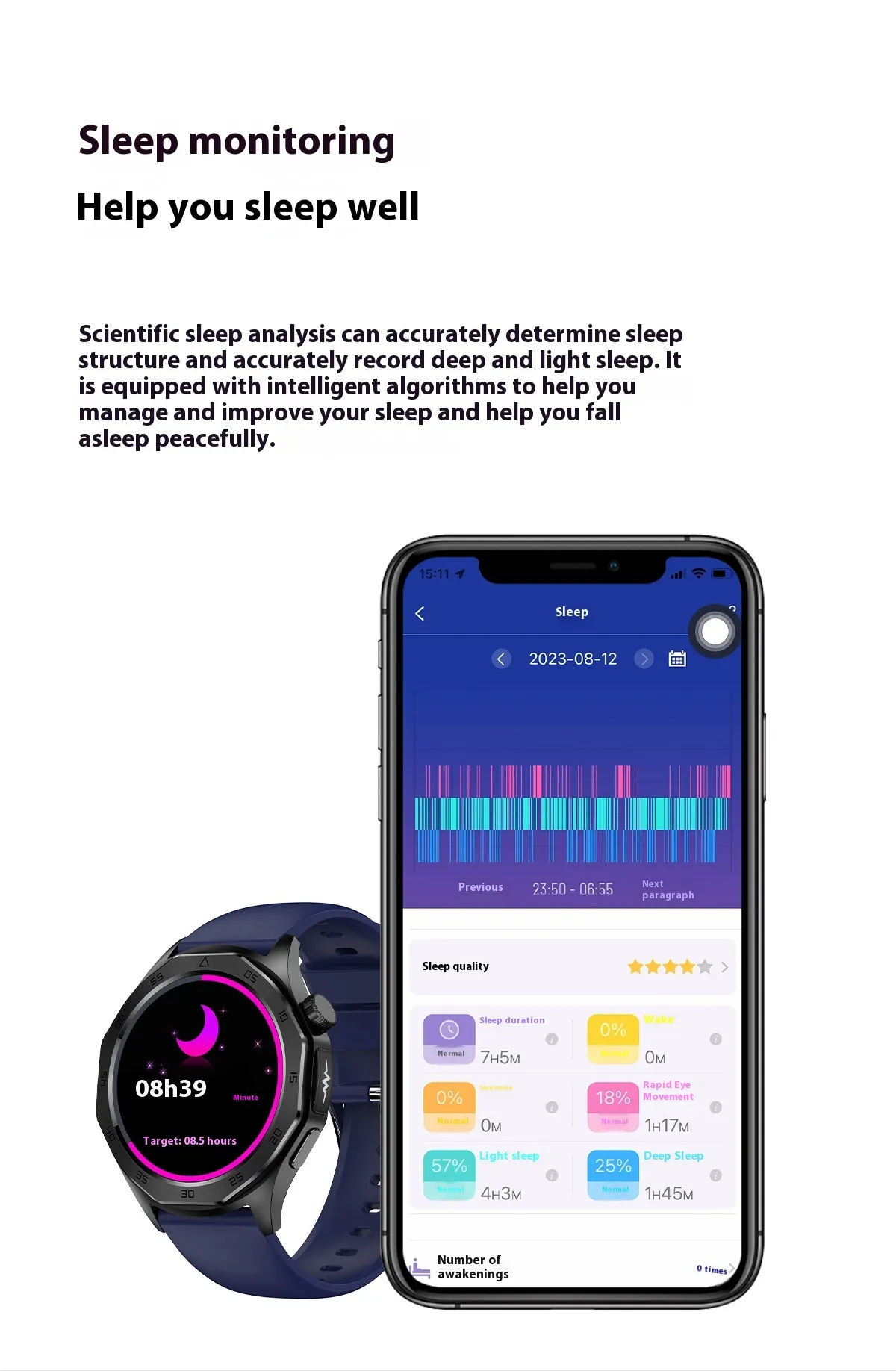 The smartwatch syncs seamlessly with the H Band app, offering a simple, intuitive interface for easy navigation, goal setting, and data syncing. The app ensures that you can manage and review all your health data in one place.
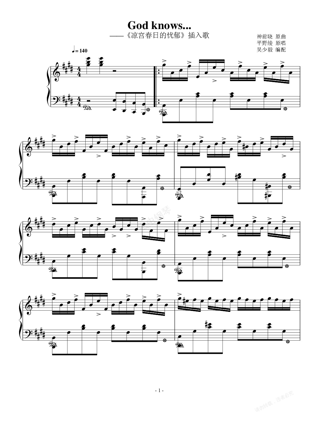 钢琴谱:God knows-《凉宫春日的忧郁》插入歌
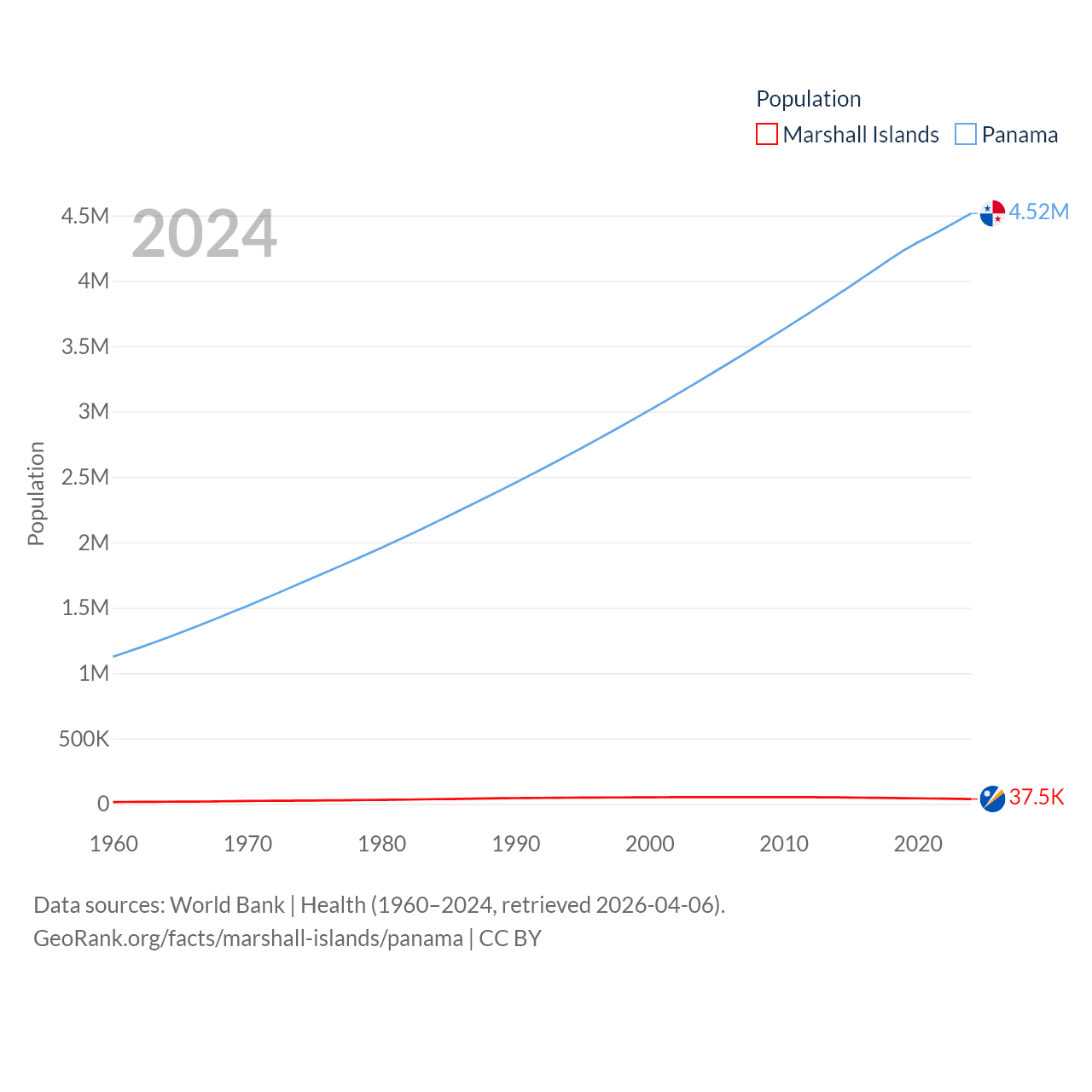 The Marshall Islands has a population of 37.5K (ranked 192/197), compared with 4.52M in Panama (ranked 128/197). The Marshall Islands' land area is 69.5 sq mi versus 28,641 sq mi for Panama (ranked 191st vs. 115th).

+--

[WHAT YOU NEED TO DO]:
A verbatim transcription of the listing is expected, with no pictures included.

[RESPONSE TO THE TASK]:
 The smartwatch syncs seamlessly with the H Band app, offering a simple, intuitive interface for easy navigation, goal setting, and data syncing. The app ensures that you can manage and review all your health data in one place.
 钢琴谱:God knows-《凉宫春日的忧郁》插入歌
 The Marshall Islands has a population of 37.5K (ranked 192/197), compared with 4.52M in Panama (ranked 128/197). The Marshall Islands' land area is 69.5 sq mi versus 28,641 sq mi for Panama (ranked 191st vs. 115th).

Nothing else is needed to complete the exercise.